So now we have fully-functional TV again. Goody.

Considering the fact that, out of several hundred channels available, I spend 95% of my television viewing time watching maybe four of them, it almost seems a waste.

The techs finished their job just in time for me and the Mistress of Sarcasm to meet up with She Who Must Be Obeyed at Pappasito’s Cantina for a pleasant Sunday lunch with a few of the Usual Suspects. We got to visit with Zonker the Ex-Blodger; Denny the Grouchy Old Cripple; Boudicca, her three sons, and sis Morrigan; Holder and her girls Pete and Re-Pete; and Annie, one of Holder’s Science Teachin’ Colleagues.

I wonder what possessed Annie to join a bunch of Online Journalists for what amounted to a mini-blogmeet. Were we what she expected? Was she horrified? Or lulled into a false sense of security by our Polite Behavior In Front Of The Children?

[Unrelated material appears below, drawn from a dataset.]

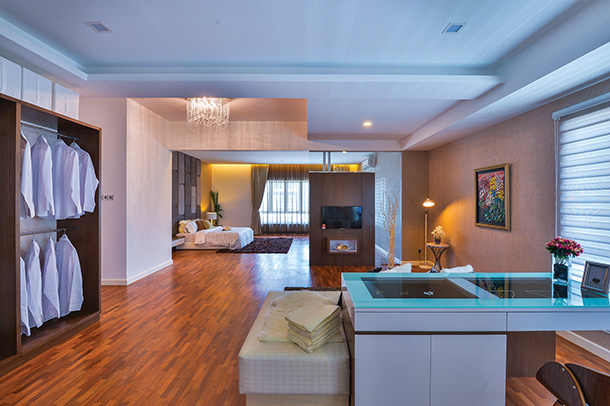 Luxurious Style. Generous in size, this master bedroom also features a huge wardrobe, a lounging area and a study area.

There was much talk and much food, including a pile of nachos bigger than Pete’s head.

Bou’s boys are two years older than when I saw them last. Still good-looking, well-behaved, and yet playful as appropriate for young men of a certain age. And the blue-eyed Re-Pete kept trying to wallop me in Tic-Tac-Toe, with all the enthusiasm a five-year-old can muster for an exercise in pointlessness.

Photos will follow, but with my primary computer out of commission, I have to decide whether to try downloading ’em to this Alien Machine, this “Mac-Book.”

Saturday, July 12, 2008

GOING BROKE(N)

Years ago, the Morton Salt people came up with a brilliant slogan to promote their table salt, compounded with special additives that allow it to remain free-flowing even in humid environments.

“When it rains, it pours.”

But the slogan itself is not original: It’s a slightly edited version of a venerable old proverb, “It never rains, but it pours.”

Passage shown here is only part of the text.